Auch Helfer brauchen Hilfe: Notfallseelsorger unterstützen Einsatzkräfte im Kreis Cham

Die ehrenamtlichen Notfallseelsorger des Vereins „Gemeinsam für das Leben“ im Landkreis Cham sind dann zur Stelle, wenn die Lage besonders aussichtslos scheint. Sie helfen Betroffenen und auch Einsatzkräften, mit traumatischen Erlebnissen fertig zu werden. „Wir sind im Einsatz, wenn die Lage es erfordert“, sagt Thomas Meindl, Geschäftsführer des Vereins.
Denn auch Einsatzkräfte der Feuerwehr oder vom Rettungsdienst sind laut Meindl nicht sicher vor „möglichen psychischen Folgen“. Zwar sei es eher selten, dass sich Erlebnisse im Einsatz wirklich negativ auswirken. „Trotzdem kann das natürlich immer passieren.“
Besonders schlimm sind laut dem Geschäftsführer Einsätze, bei denen Kinder involviert sind. „Das steckt niemand so einfach weg.“ Auch Unfälle mit vielen Verletzungen oder Toten würden bei den Rettern oft zu einer gewissen Hilflosigkeit führen.

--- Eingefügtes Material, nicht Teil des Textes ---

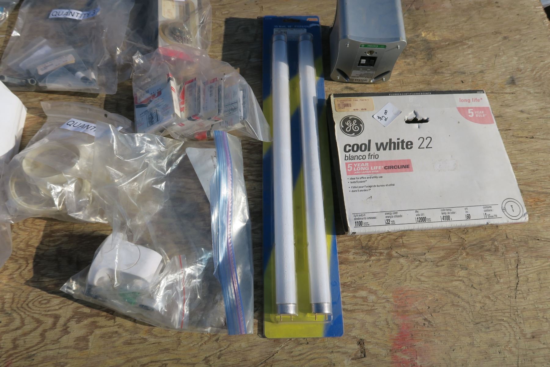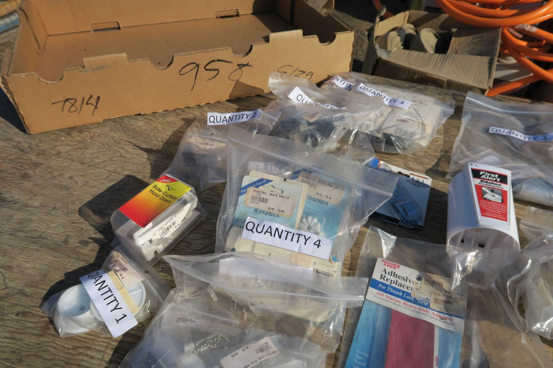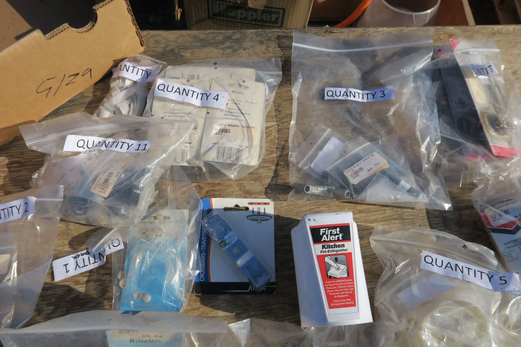 Box of Miscellaneous Houshold/Camper/Trailer Hardware - Drawer Securers, Rossettes, Speraker, Bulbs and More
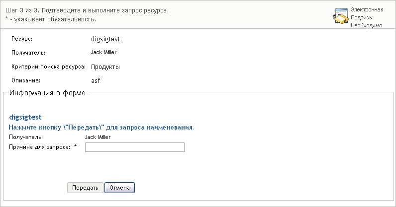 Сообщение о подтверждении цифровой подписи может меняться в зависимости от того, как ресурс обеспечения был настроен администратором.
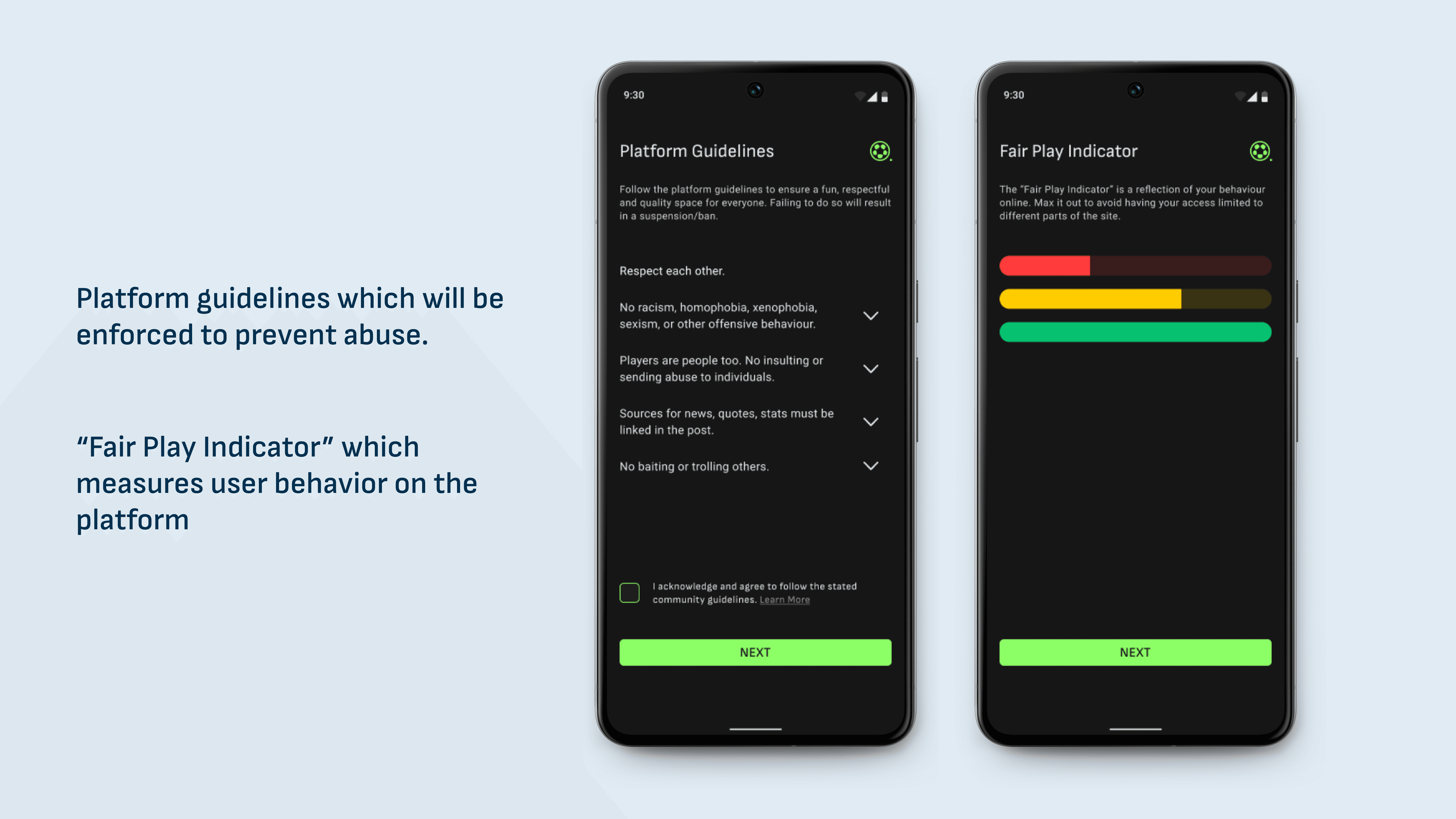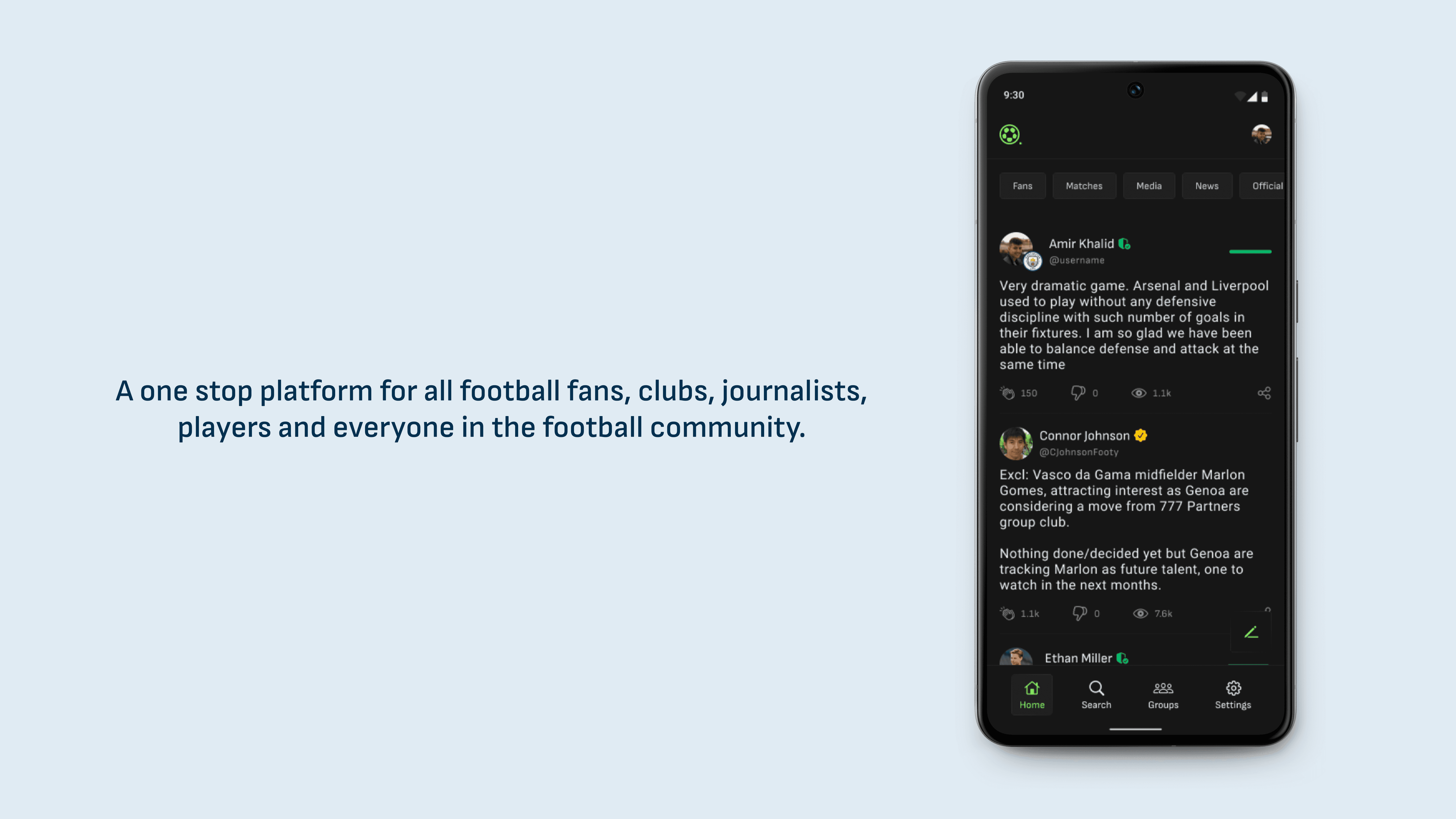 Social media spaces with billions of users have had widespread, long term side effects. This project reimagines online spaces by creating a dedicated space for one user group, in this case, the football community. The aim is to design a platform that allows users to engage in a more positive manner.

Wenn nach solchen Einsätzen Bedarf besteht, ist auch die Notfallseelsorge bereit, zu helfen.
„Oft hilft es schon, über das Erlebte einfach zu sprechen“, erklärt Meindl und ergänzt: „Wenn wir merken, dass noch weitere Hilfe nötig ist, leiten wir die Leute dann weiter an professionelle Stellen.“
Aber wie können sich die Einsatzkräfte auf das Unvorhersehbare bestmöglich vorbereiten? „Man sollte bei Einsätzen immer vom Schlimmsten ausgehen.“ Außerdem sei es wichtig, dass die Helfer den Beruf und das Privatleben trennen.
„Es hilft auch, sich mit Hobbys und Sport abzulenken, um auf andere Gedanken zu kommen“, sagt er. Eine Sache hilft nach seinen Worten den Betroffenen aber auf keinen Fall: „Alkohol oder Drogen machen das Ganze immer nur schlimmer.“ Am wichtigsten sei es, die Einsätze aufzuarbeiten und über das Erlebte mit anderen zu sprechen.